* **WHAT NEEDS TO BE DONE**
Without the pictures, write the listing out again exactly as it appears.

* **RAW DATA**
►

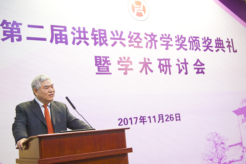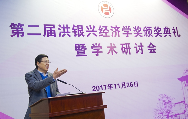 2017年11月26日,第二届洪银兴经济学奖颁奖典礼暨学术研讨会在永利集团88304官网安中楼成功举办。“洪银兴经济学奖”是由银兴经济研究基金于2016年设立,旨在鼓励青年经济学者推出更多富有创新性的原创研究成果,更好地融入中国特色的社会主义经济理论发展,推动中国经济学科的繁荣发展。该奖经个人申请、银兴经济研究基金成员推荐、洪银兴经济学奖评奖委员会评审,投票表决,产生获奖名单。
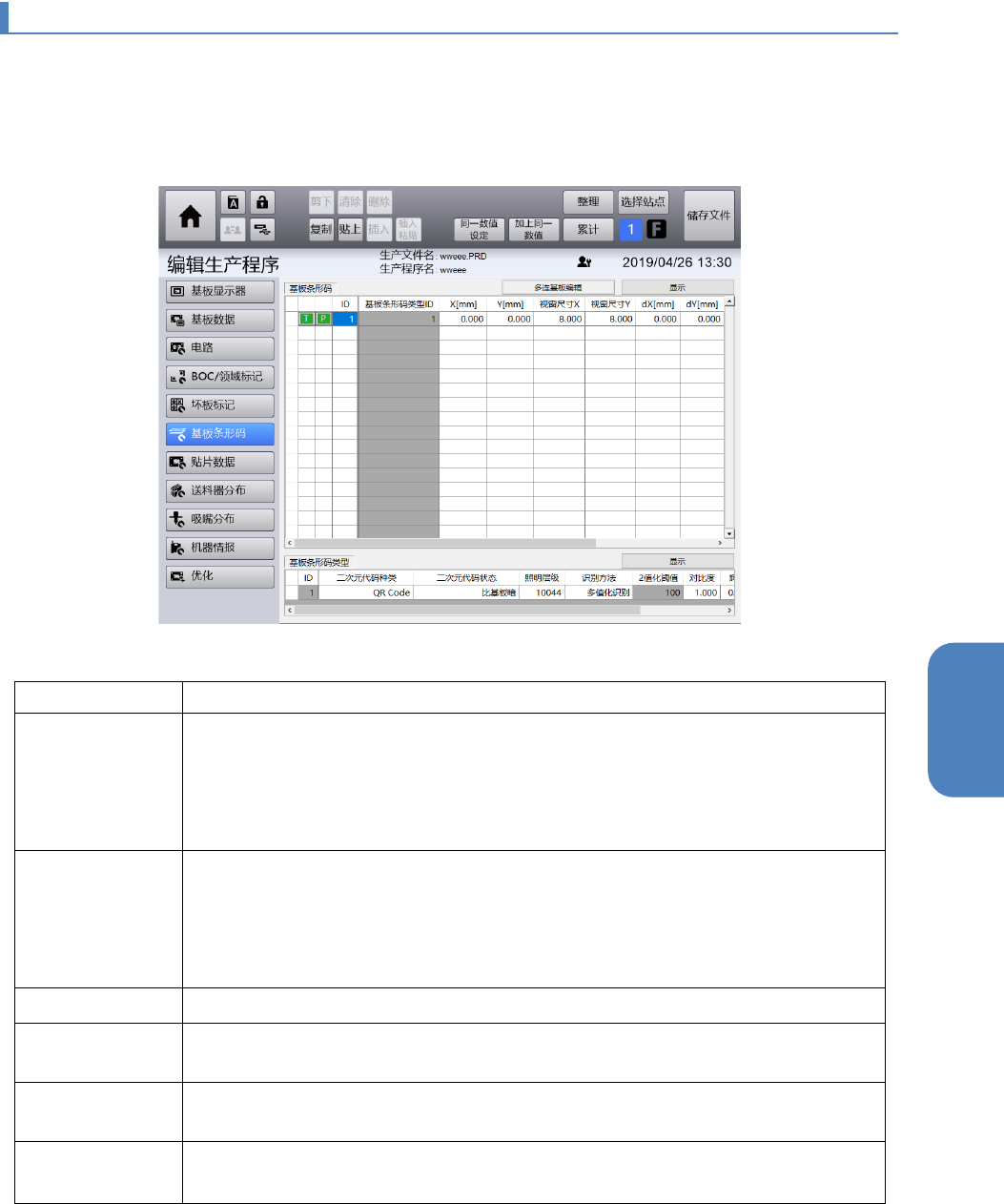 第 4 章 操作篇 4- 11 编辑生产程序 229 4 4- 11 - 7. 基板条形码 编辑 [基板条形码]画面 从[编辑生产程序]菜单画面左侧的 子菜单面板,触摸[基板条形码 ],即显示[基板条形码]画面。 [基板 条形码 ]画面仅在使用生产管理系统,或者事件 通知的追溯功能(选项)时显示。详 情请参看 「 4- 18 IFS - NX 的使用(选项)」或「 4- 20 外部输出功能的使用(选项)」 。 基板条形码 项目名…
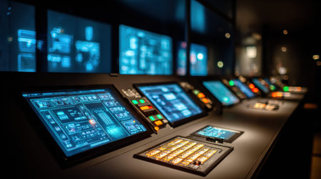Control screens illuminate with bright colors in a dark room presenting data relevant to lighting systems at night.
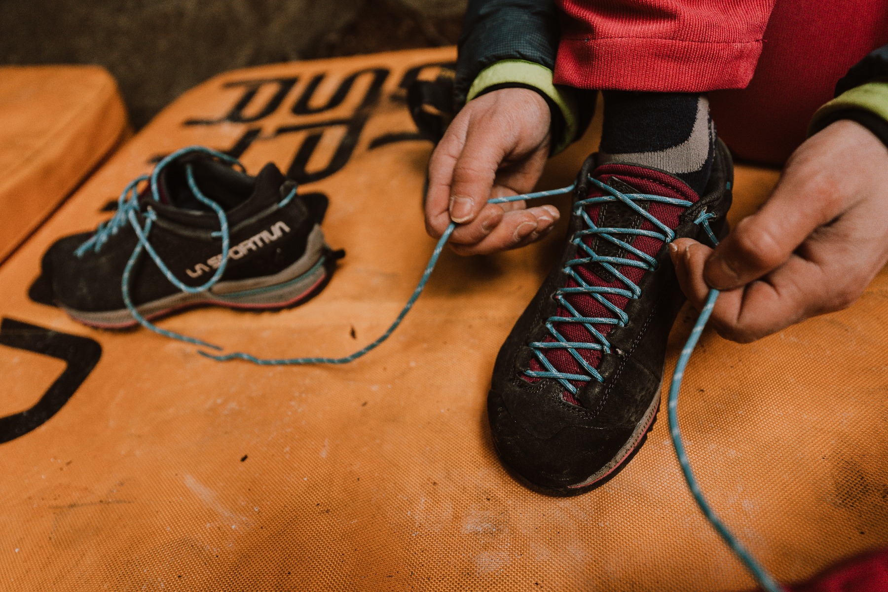 El cordón de los zapatos de aproximación retoma el preciso y envolvente de los zapatos de escalada. Credits to La Sportiva.

◄

* **RESULT**
 2017年11月26日,第二届洪银兴经济学奖颁奖典礼暨学术研讨会在永利集团88304官网安中楼成功举办。“洪银兴经济学奖”是由银兴经济研究基金于2016年设立,旨在鼓励青年经济学者推出更多富有创新性的原创研究成果,更好地融入中国特色的社会主义经济理论发展,推动中国经济学科的繁荣发展。该奖经个人申请、银兴经济研究基金成员推荐、洪银兴经济学奖评奖委员会评审,投票表决,产生获奖名单。
 第 4 章 操作篇 4- 11 编辑生产程序 229 4 4- 11 - 7. 基板条形码 编辑 [基板条形码]画面 从[编辑生产程序]菜单画面左侧的 子菜单面板,触摸[基板条形码 ],即显示[基板条形码]画面。 [基板 条形码 ]画面仅在使用生产管理系统,或者事件 通知的追溯功能(选项)时显示。详 情请参看 「 4- 18 IFS - NX 的使用(选项)」或「 4- 20 外部输出功能的使用(选项)」 。 基板条形码 项目名…
Control screens illuminate with bright colors in a dark room presenting data relevant to lighting systems at night.
 El cordón de los zapatos de aproximación retoma el preciso y envolvente de los zapatos de escalada. Credits to La Sportiva.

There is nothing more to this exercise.